- _Work request_: In the records below, find the line with "Πρόκειται για ένα", then retype it and every following line exactly, stopping after the line with "End Table White". Leave the pictures out.

- _Source information_:

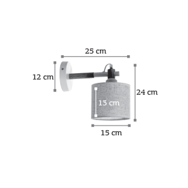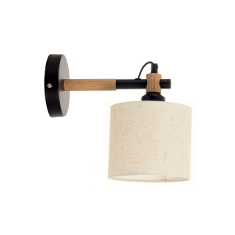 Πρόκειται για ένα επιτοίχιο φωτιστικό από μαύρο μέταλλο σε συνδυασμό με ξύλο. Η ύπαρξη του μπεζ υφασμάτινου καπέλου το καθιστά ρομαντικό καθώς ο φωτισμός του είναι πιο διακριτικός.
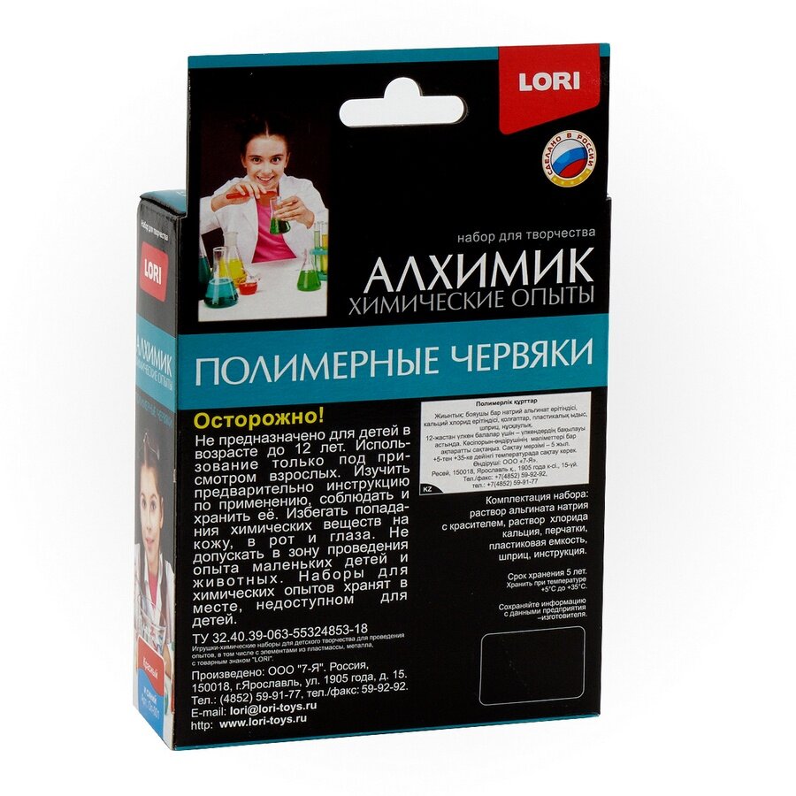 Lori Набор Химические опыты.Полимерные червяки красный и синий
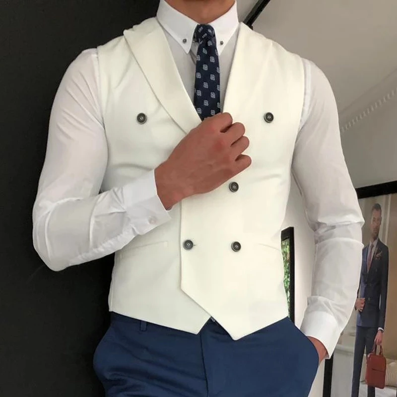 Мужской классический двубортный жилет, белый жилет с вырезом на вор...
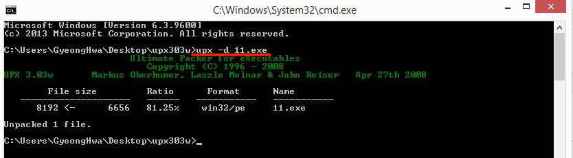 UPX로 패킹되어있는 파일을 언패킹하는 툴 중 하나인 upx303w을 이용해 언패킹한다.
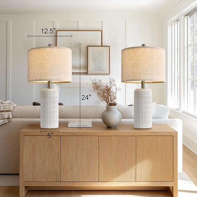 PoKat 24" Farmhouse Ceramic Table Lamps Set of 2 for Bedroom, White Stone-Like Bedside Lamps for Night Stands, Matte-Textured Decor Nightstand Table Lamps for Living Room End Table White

==

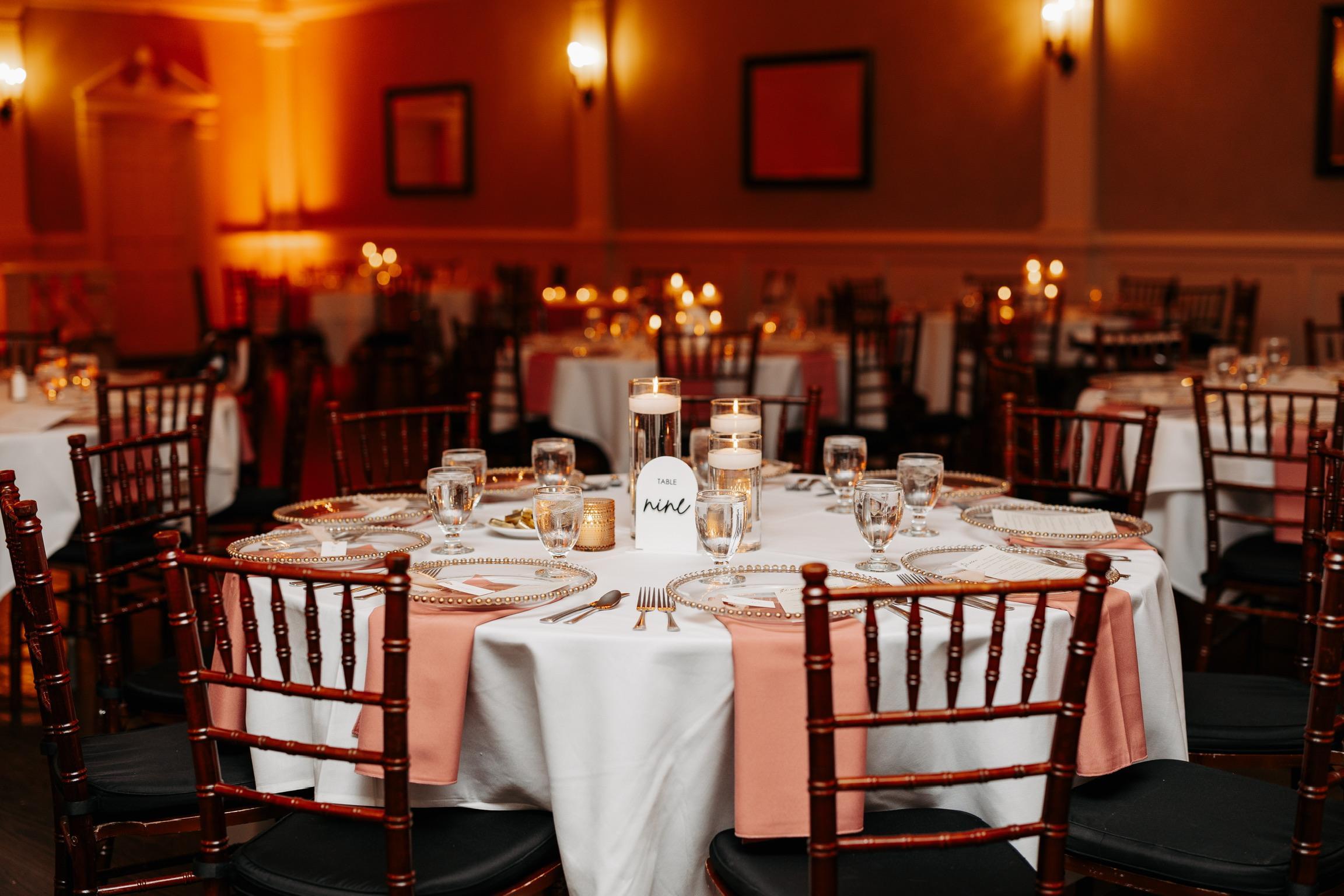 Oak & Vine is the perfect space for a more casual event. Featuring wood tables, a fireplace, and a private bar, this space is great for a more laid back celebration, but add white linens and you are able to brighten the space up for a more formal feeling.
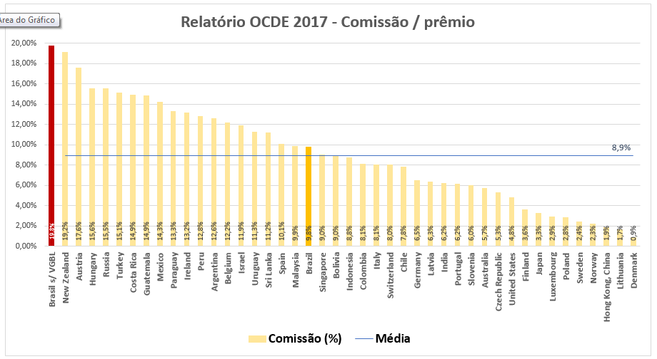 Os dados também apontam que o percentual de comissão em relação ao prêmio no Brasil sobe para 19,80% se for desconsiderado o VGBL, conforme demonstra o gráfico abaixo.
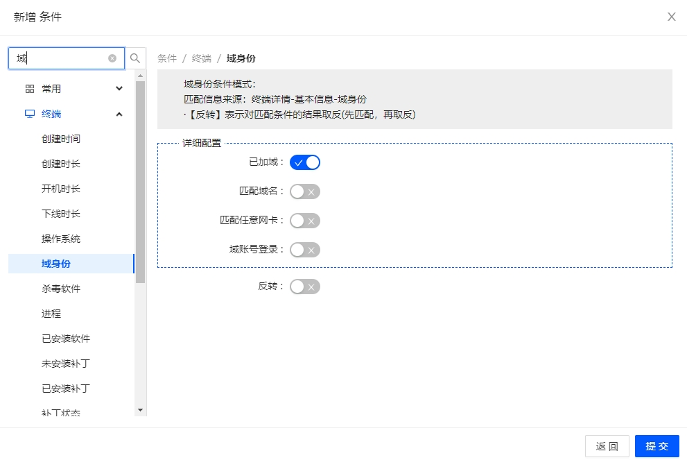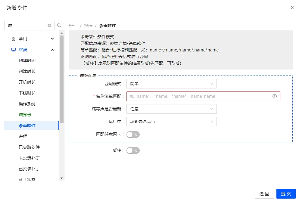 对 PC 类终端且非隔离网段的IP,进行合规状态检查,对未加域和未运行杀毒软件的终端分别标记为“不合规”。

==

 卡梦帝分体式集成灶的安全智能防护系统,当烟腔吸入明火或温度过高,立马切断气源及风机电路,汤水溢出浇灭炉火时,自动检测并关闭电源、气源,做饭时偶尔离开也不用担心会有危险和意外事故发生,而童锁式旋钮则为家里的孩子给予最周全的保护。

- _The completed task_:
 Πρόκειται για ένα επιτοίχιο φωτιστικό από μαύρο μέταλλο σε συνδυασμό με ξύλο. Η ύπαρξη του μπεζ υφασμάτινου καπέλου το καθιστά ρομαντικό καθώς ο φωτισμός του είναι πιο διακριτικός.
 Lori Набор Химические опыты.Полимерные червяки красный и синий
 Мужской классический двубортный жилет, белый жилет с вырезом на вор...
 UPX로 패킹되어있는 파일을 언패킹하는 툴 중 하나인 upx303w을 이용해 언패킹한다.
 PoKat 24" Farmhouse Ceramic Table Lamps Set of 2 for Bedroom, White Stone-Like Bedside Lamps for Night Stands, Matte-Textured Decor Nightstand Table Lamps for Living Room End Table White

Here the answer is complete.